The data >>
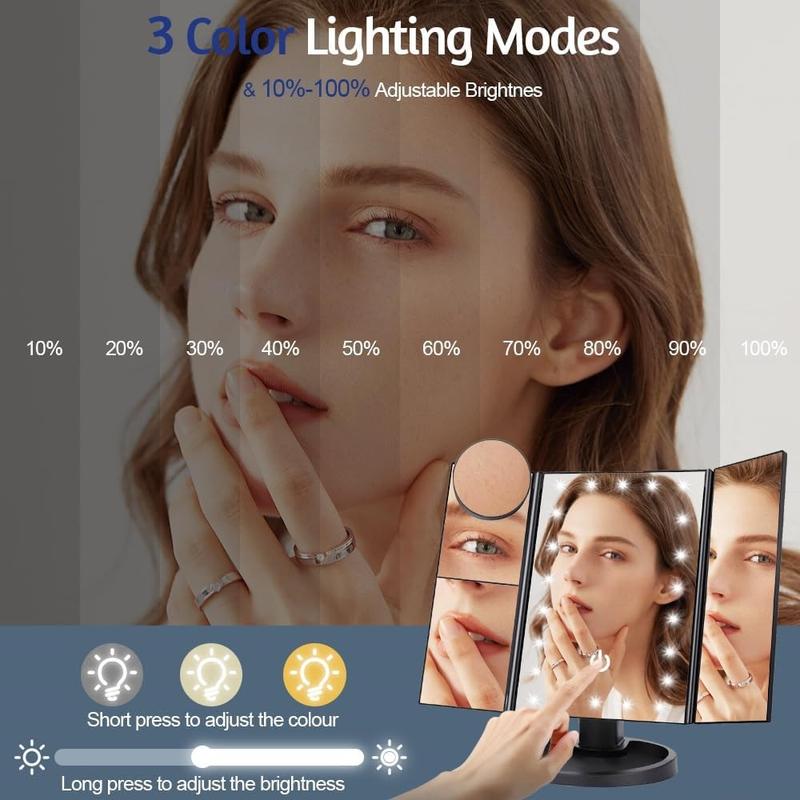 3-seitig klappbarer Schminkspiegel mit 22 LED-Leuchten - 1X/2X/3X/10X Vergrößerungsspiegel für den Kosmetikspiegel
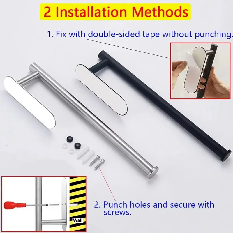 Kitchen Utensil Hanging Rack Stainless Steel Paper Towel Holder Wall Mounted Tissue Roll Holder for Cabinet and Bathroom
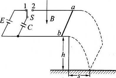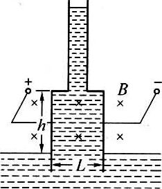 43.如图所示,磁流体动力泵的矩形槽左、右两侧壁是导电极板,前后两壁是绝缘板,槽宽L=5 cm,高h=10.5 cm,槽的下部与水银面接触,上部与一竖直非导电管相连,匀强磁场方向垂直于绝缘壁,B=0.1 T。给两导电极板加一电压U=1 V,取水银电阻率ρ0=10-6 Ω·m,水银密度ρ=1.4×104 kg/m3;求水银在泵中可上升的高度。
---
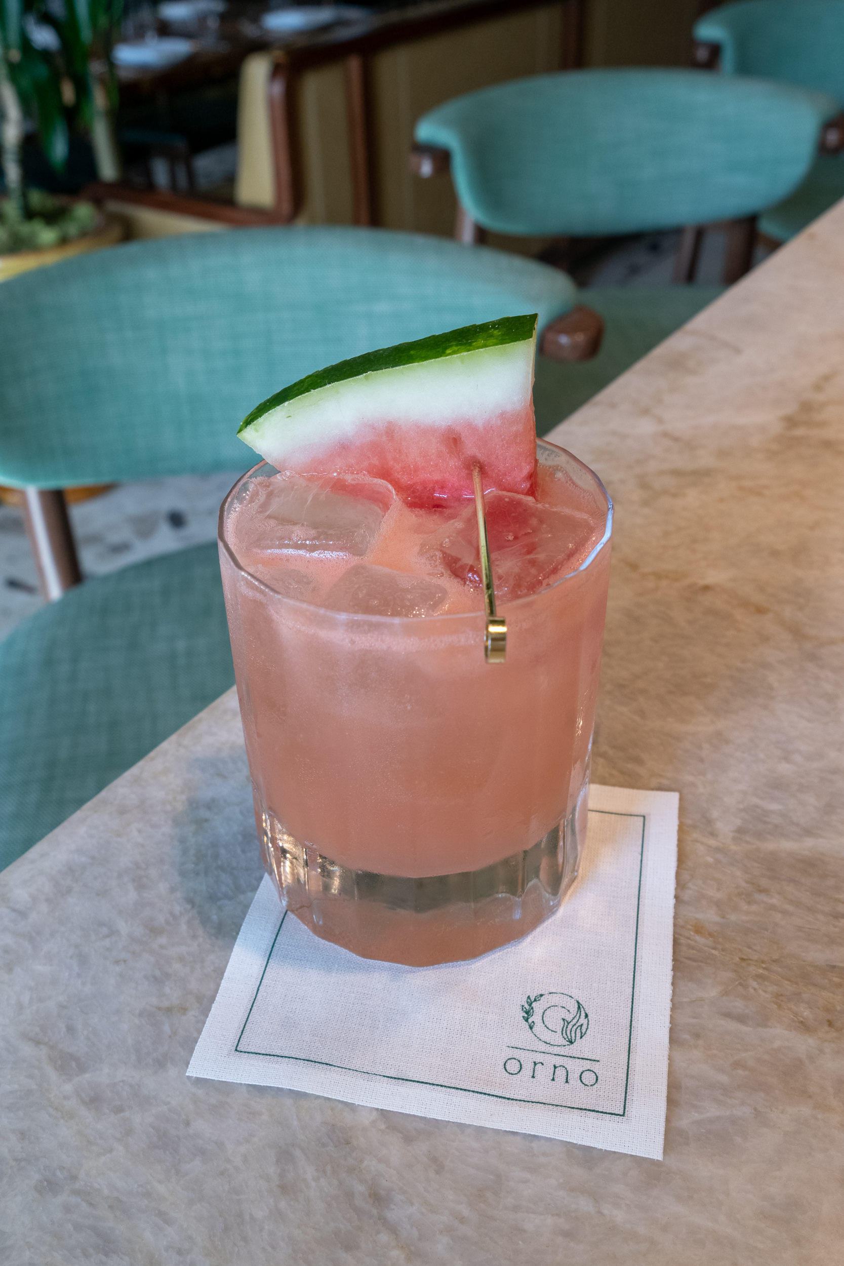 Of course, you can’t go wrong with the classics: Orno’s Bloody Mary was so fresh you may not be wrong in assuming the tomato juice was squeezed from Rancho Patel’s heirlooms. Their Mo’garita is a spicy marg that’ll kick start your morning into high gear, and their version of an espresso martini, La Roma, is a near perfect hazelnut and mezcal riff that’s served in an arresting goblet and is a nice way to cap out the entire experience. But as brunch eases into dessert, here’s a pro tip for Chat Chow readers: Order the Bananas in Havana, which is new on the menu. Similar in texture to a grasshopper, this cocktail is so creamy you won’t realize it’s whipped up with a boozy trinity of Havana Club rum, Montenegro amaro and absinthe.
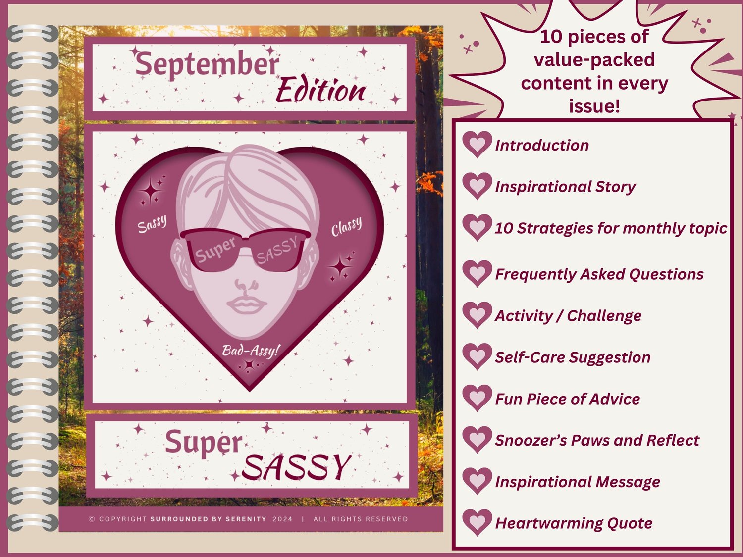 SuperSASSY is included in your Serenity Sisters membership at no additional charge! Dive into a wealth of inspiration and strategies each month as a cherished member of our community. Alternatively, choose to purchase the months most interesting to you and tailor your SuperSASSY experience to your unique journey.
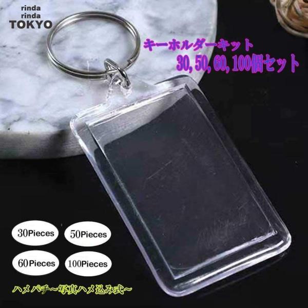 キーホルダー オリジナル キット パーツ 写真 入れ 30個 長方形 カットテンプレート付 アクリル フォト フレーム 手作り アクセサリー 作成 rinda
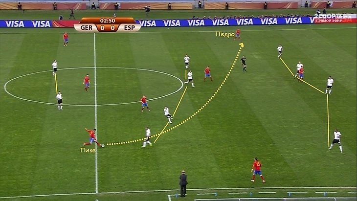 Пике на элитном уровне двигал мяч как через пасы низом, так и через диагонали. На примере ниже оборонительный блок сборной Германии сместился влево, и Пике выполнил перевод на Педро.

What to work on >> With the pictures left out, write out exactly the lines above from the one containing "Of course, you" through the one containing "Пике на элитном".

Answer >>
 Of course, you can’t go wrong with the classics: Orno’s Bloody Mary was so fresh you may not be wrong in assuming the tomato juice was squeezed from Rancho Patel’s heirlooms. Their Mo’garita is a spicy marg that’ll kick start your morning into high gear, and their version of an espresso martini, La Roma, is a near perfect hazelnut and mezcal riff that’s served in an arresting goblet and is a nice way to cap out the entire experience. But as brunch eases into dessert, here’s a pro tip for Chat Chow readers: Order the Bananas in Havana, which is new on the menu. Similar in texture to a grasshopper, this cocktail is so creamy you won’t realize it’s whipped up with a boozy trinity of Havana Club rum, Montenegro amaro and absinthe.
 SuperSASSY is included in your Serenity Sisters membership at no additional charge! Dive into a wealth of inspiration and strategies each month as a cherished member of our community. Alternatively, choose to purchase the months most interesting to you and tailor your SuperSASSY experience to your unique journey.
 キーホルダー オリジナル キット パーツ 写真 入れ 30個 長方形 カットテンプレート付 アクリル フォト フレーム 手作り アクセサリー 作成 rinda
 Пике на элитном уровне двигал мяч как через пасы низом, так и через диагонали. На примере ниже оборонительный блок сборной Германии сместился влево, и Пике выполнил перевод на Педро.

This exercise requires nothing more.